In many ways, the most important consideration for lenders is how easily they will be able to enforce the security they have successfully taken if it becomes necessary to do so. A recent study by the European Bank for Reconstruction and Development (EBRD) found a "surprisingly positive overall picture of enforcement in the EBRD countries of operations". Results of the study suggested that in at least nine CEE countries (including key jurisdictions such as the Czech Republic and Hungary) it is possible to recover more than 80% of the market value of assets over which security has been taken within six months of commencement of enforcement proceedings.

One major CEE jurisdiction in which it is particularly difficult to enforce security is Poland, which is criticised in particular for the amount of time enforcement procedure can take. However, this has not prevented an influx of substantial foreign investment in recent years.

Some CEE jurisdictions have specific local law documentation to accelerate the enforcement of security. For example, the Bulgarian GCP (and other Bulgarian security) should be accompanied by promissory notes granted in favour of the lender. These notes give the lender an additional cause of action, which allows direct recourse to the secured assets without the need to go to court first and are an essential part of a Bulgarian security package.

Exchange controls

It is also worth pointing out certain issues which, while not necessarily specific to CEE transactions, do frequently arise in CEE jurisdictions.

Firstly, lenders should be aware of relevant exchange control restrictions.
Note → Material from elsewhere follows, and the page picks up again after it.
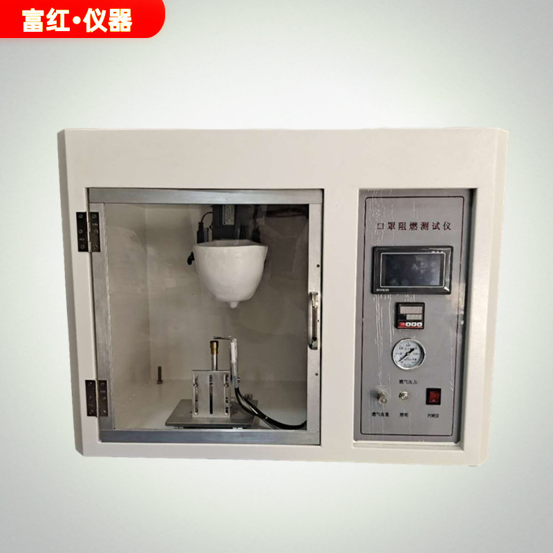 1.F149醫(yī)用口罩阻燃性測試儀的測試原理是將口罩試樣模擬實際使用狀態(tài)安裝到頭模樣架上,口罩隨頭模以一定的線速度掠過火焰高度恒定的點火器的上方,觀察口罩燃燒情況,記錄續(xù)燃和陰燃時間,以此評定口罩是否合格。
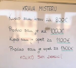 Eto, ponovo je aktuelna „misterija jedne krave“, manje ili više lude, pa vam dajemo za zadatak da izračunate koliko je na kraju zaradio čovek koji je preprodajom krave želeo da dođe do profita.

While exchange control is no longer an issue in member countries of the Organisation for Economic Co-operation and Development – such as Poland, the Czech Republic, Slovakia and Hungary – it remains relevant elsewhere in CEE markets, in particular in Russia and former Soviet states. Where exchange control restrictions are an issue, local passport banks may have to be appointed and long delays are almost inevitable.

Another issue of increased significance in CEE jurisdictions is withholding tax. CEE countries have generally entered into fewer double-taxation treaties than countries with more developed economies. As such, lenders and borrowers alike will often be keen for lenders to lend through entities located in favourable tax jurisdictions.

The situation is further complicated by the fact that due to the rapidity of the growth in the CEE markets, CEE lawyers are themselves on a steep learning curve. They are constantly being asked to advise on deal structures and financial products they have not encountered and to devise appropriate security packages. It is understandable that this in itself can sometimes lead to uncertainty, confusion and delay. This is often exemplified in the availability of reliable legal opinions. The uncertainty surrounding fast-developing law in CEE jurisdictions can make it difficult for local lawyers to give the authoritative opinion a lender might reasonably expect from western European lawyers.

Security regimes in CEE jurisdictions will no doubt continue to develop rapidly over the coming decade and beyond. As a result, lenders will gradually become more accustomed to taking security there. In the meantime, however, lenders should be prepared to experience some increased risk, inconvenience and delay if they are to reap the benefits of continued economic growth in the CEE. Equally, lenders' lawyers must be prepared to give their clients the comfort they need to cope with the challenges they will encounter.

Leon Stephenson is a partner and David Brighton an associate at Reed Smith Richards Butler.